Request By:
In re: Concerned Citizens of Lyon County/Lyon County Board of Education
Opinion
Opinion By: A. B. Chandler III, Attorney General; Thomas R. Emerson, Assistant Attorney General
Open Meetings Decision
This matter comes to the Attorney General as an appeal by a group called the Concerned Citizens of Lyon County in connection with its complaint against the Lyon County Board of Education.
In a letter to the school board chairman, dated April 16, 1997, but apparently not received by him until April 23, 1997, the concerned citizens group referred to a meeting of the school board held on January 24, 1997. The concerned citizens said that because of a large turnout the meeting was moved from the small school board office to a school library. It was alleged that when the school board moved the meeting back to the school board office before it was over, knowing that facility was too small to permit public observation of the proceedings, the Open Meetings Act was violated.
Legal counsel for the school board responded to the concerned citizens group in a letter dated April 24, 1997, and maintained that the meeting in question was "legal in all respects." It was admitted that the school board returned to its main office to discuss the feasibility of an executive session. Legal counsel said no motion was made relative to going into an executive session but the school board did vote to extend a particular person's contract at that time.
The appeal of the concerned citizens was received by this office on May 8, 1997. It was alleged that the school board violated the Open Meetings Law when the meeting, which had been moved from the school board office to a school library to accommodate a larger than expected turnout, was moved back to the school board office where additional business was transacted. A majority of those in attendance in the school library could not observe proceedings in the school board office according to the citizens group.
In a response received May 16, 1997, legal counsel for the school board said that the meeting, which began at the school board office, was moved to a school library in order that public comments could be made relative to the school superintendent's contract. He said that 53 persons gathered in the school library, slightly fewer than the number of persons in the original gathering.
At the conclusion of the public comments the board's legal counsel said an executive session was contemplated and it was counsel's opinion that any vote on any matter had to be made at the place where the meeting began which was the school board's office. He said about 30 citizens returned to that location.
KRS 61.820 provides in part that all meetings of all public agencies of this state shall be held at specified times and places which are convenient to the public.
KRS 61.840 states in part that no condition other than those necessary for the maintenance of order shall apply to the attendance of the public at any meeting of any public agency. That same statute also includes a sentence providing that all public agencies shall provide meeting room conditions which allow effective public observation of the public meeting.
The parties to this appeal do not agree as to why the meeting was moved from the school board office room to the school library. They also do not agree on how many people showed up at the original meeting site, how many went to the school library, and how many returned to the school board office room with the school board members.

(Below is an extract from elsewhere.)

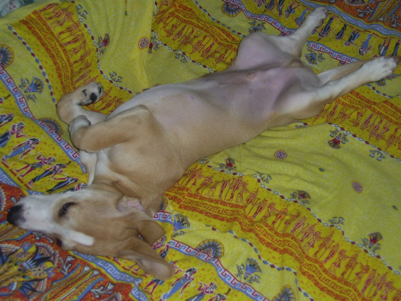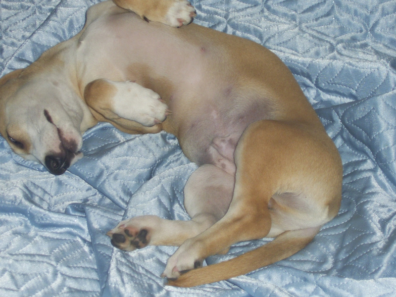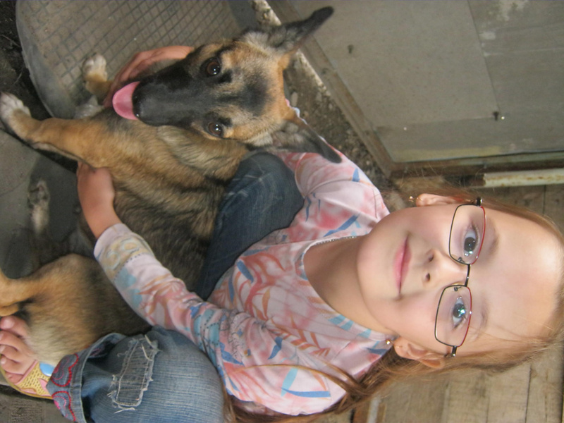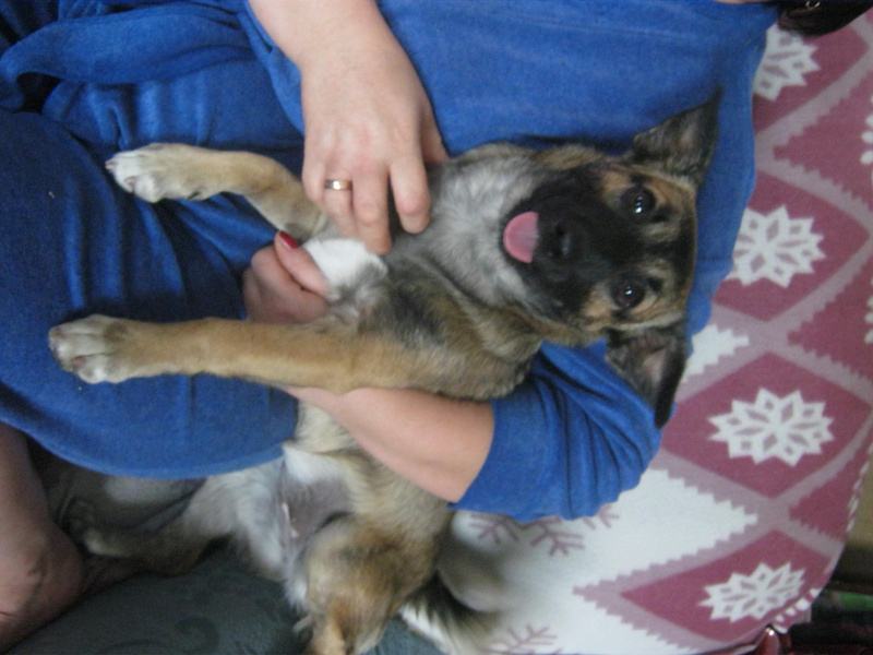 Джину нашли на К.Маркса истощенной крохой (скорее всего, коробочники эти *** выбросили ). А теперь она упитанна и выглядет смешно, как овчарка на таксячьих лапках.

In view of the ten day period relative to the issuance of decisions, this office does not have the time nor do we have the information or resources to determine the answer to those questions.
However, no matter what the precise reason for moving the meeting or the number of citizens in attendance at either facility, we think it can be stated that the meeting was moved for the convenience, safety, or comfort of the public. Moving a meeting for any of these reasons is proper, something for which the school board deserves credit, and is in furtherance of the board's obligations to hold a meeting in a place convenient to the public and which affords effective public observation of the proceedings.
Legal counsel for the school board maintains that the meeting was moved back to the school board meeting room because a prior decision of this office required that any vote or decision by the public agency must be made at the place where the meeting began. We do not believe that the decision in that appeal dictated the course of action followed by the school board in this situation.
In 95-OMD-92 this office decided that three members of a board of education violated the Open Meetings Act when the notice, motion, and vote relative to the closed session were given, made, and taken at a place which did not constitute the forum for the open and public meeting. The meeting site had not been changed in that situation. Three members of the board, rather than returning to the meeting site, attempted to take action while they were in a place in the building other than the designated meeting site.
This appeal involves a situation where, for whatever the precise reason, the meeting was moved to another site. Once the meeting reconvened in the school library that facility became the meeting site. All proceedings and actions relative to the meeting should then have taken place at that location. Since the school library facility apparently was sufficient to accommodate those in attendance and to enable the school board to conduct the remainder of the meeting, there was no reason, legal or otherwise, to switch the meeting back to the original site. It would be inconvenient to the public to require them to move from an apparently satisfactory meeting location to another site in absence of any compelling reason to do so.
It is the decision of the Attorney General that when the school board moved the meeting site from the school board office to the school library the latter location became the designated meeting site from which all remaining proceedings and actions relative to the meeting should have been conducted. In absence of any compelling reason to do so, the school board was not justified in moving the meeting to yet another location as such an action is inconvenient to the public.
A party aggrieved by this decision may challenge it by filing an appeal with the appropriate circuit court within thirty days from the date of this decision. See KRS 61.846(4)(a) and KRS 61.848. Pursuant to KRS 61.846(5), the Attorney General must be notified of any action filed in the circuit court, but he shall not be named as a party in that action or in any subsequent proceeding under the Open Meetings Act.